• WHAT IS REQUIRED
Each line from the one containing "En un bol ablanda" to the end of the entries below is to be set down exactly; the pictures are not.

• SUPPLIED MATERIAL
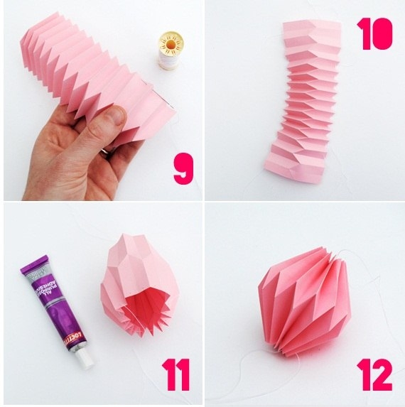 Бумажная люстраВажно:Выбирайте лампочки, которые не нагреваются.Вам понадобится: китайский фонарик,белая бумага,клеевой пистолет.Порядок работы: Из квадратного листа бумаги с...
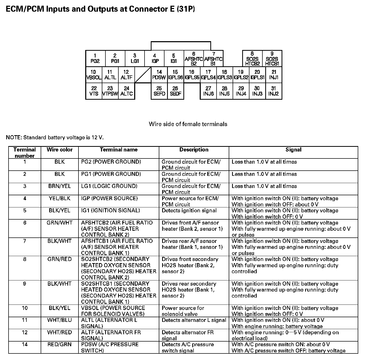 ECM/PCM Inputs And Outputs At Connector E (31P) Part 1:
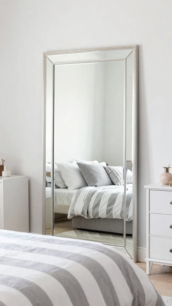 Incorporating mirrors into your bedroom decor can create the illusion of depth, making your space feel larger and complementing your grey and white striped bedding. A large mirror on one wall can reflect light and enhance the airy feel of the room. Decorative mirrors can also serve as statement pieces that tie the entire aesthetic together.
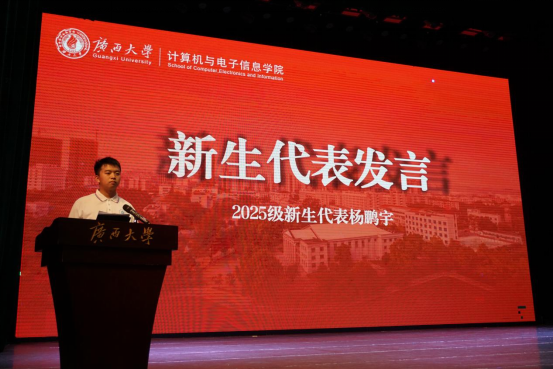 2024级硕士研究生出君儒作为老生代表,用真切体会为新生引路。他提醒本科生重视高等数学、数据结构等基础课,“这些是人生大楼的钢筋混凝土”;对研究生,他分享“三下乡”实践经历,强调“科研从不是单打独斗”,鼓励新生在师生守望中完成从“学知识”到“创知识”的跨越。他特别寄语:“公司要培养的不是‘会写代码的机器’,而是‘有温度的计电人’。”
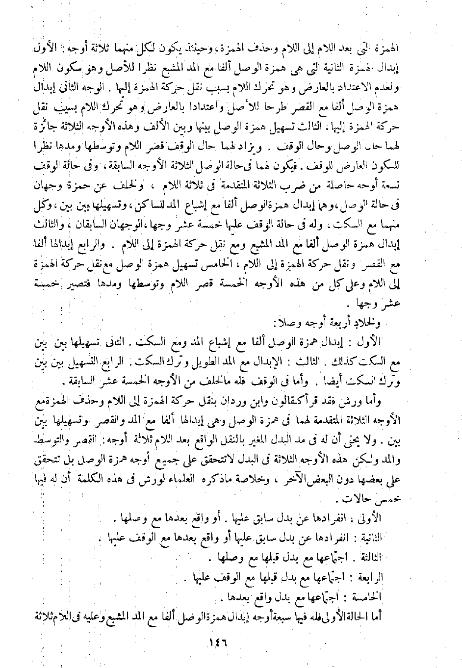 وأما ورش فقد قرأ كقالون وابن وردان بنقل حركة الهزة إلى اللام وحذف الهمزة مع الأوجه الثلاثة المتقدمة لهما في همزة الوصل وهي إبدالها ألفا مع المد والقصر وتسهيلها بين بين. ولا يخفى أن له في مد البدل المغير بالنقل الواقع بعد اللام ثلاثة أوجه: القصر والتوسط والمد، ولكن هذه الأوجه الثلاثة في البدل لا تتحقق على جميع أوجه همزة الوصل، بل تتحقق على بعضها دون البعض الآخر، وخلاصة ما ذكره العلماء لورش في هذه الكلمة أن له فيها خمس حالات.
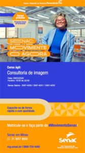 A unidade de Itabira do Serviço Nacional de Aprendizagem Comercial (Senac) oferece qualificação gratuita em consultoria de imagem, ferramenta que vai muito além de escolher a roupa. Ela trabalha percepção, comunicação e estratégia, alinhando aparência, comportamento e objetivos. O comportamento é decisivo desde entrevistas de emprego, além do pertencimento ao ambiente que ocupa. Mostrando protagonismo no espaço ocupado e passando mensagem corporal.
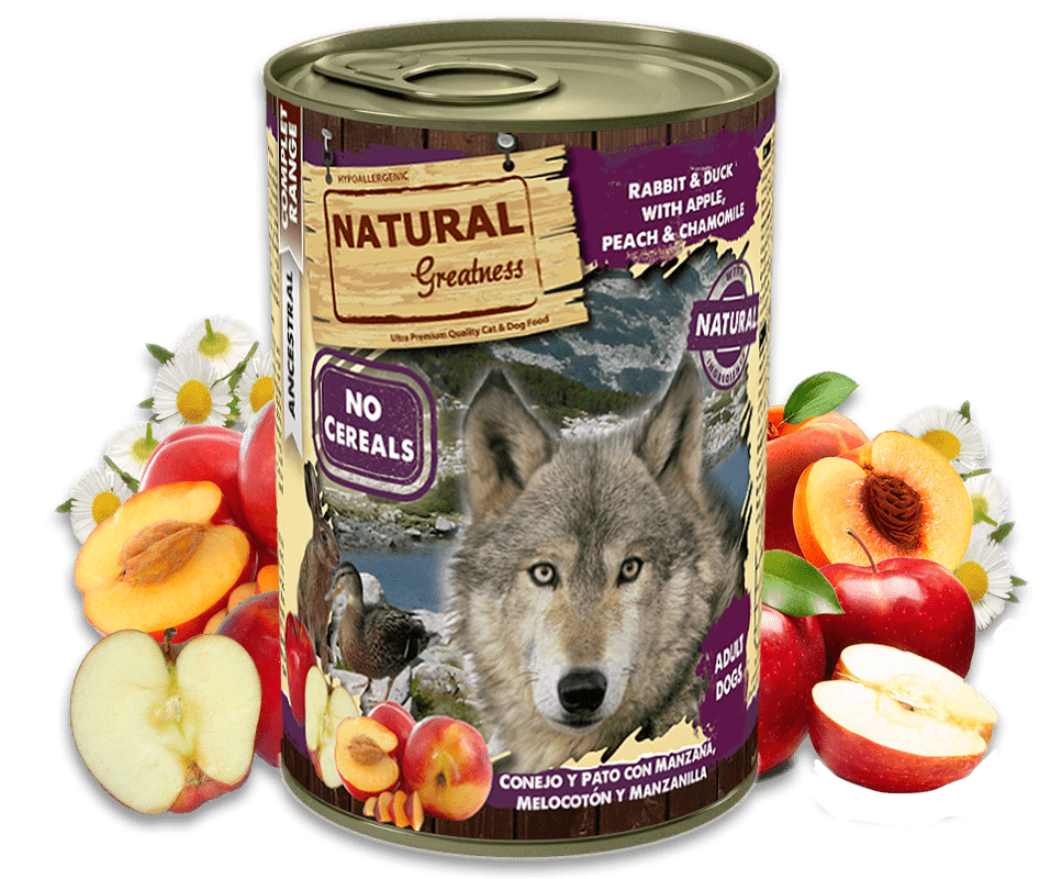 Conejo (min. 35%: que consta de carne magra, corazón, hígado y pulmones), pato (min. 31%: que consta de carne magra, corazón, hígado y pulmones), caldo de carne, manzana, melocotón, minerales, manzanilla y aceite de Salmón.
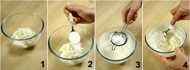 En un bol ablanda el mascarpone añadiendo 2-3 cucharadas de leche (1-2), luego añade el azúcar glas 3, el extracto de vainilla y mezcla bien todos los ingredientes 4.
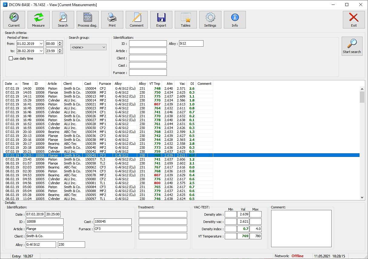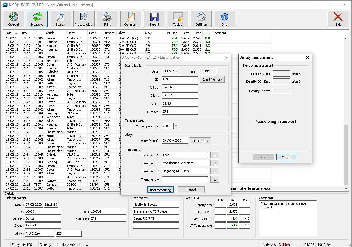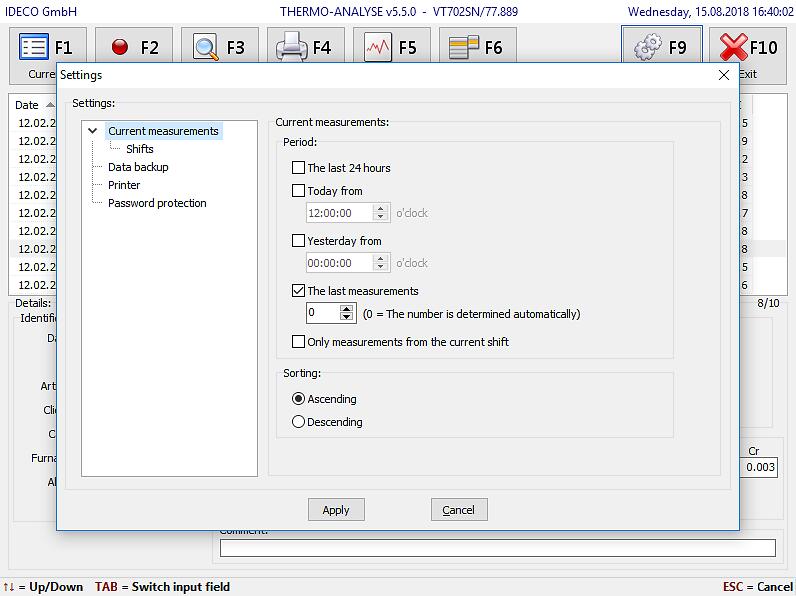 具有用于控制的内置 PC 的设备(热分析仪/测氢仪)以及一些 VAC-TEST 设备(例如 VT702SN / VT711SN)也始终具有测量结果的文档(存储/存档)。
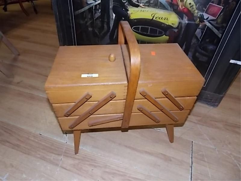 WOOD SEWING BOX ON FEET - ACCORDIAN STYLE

• WRITTEN RESPONSE
 En un bol ablanda el mascarpone añadiendo 2-3 cucharadas de leche (1-2), luego añade el azúcar glas 3, el extracto de vainilla y mezcla bien todos los ingredientes 4.
 具有用于控制的内置 PC 的设备(热分析仪/测氢仪)以及一些 VAC-TEST 设备(例如 VT702SN / VT711SN)也始终具有测量结果的文档(存储/存档)。
 WOOD SEWING BOX ON FEET - ACCORDIAN STYLE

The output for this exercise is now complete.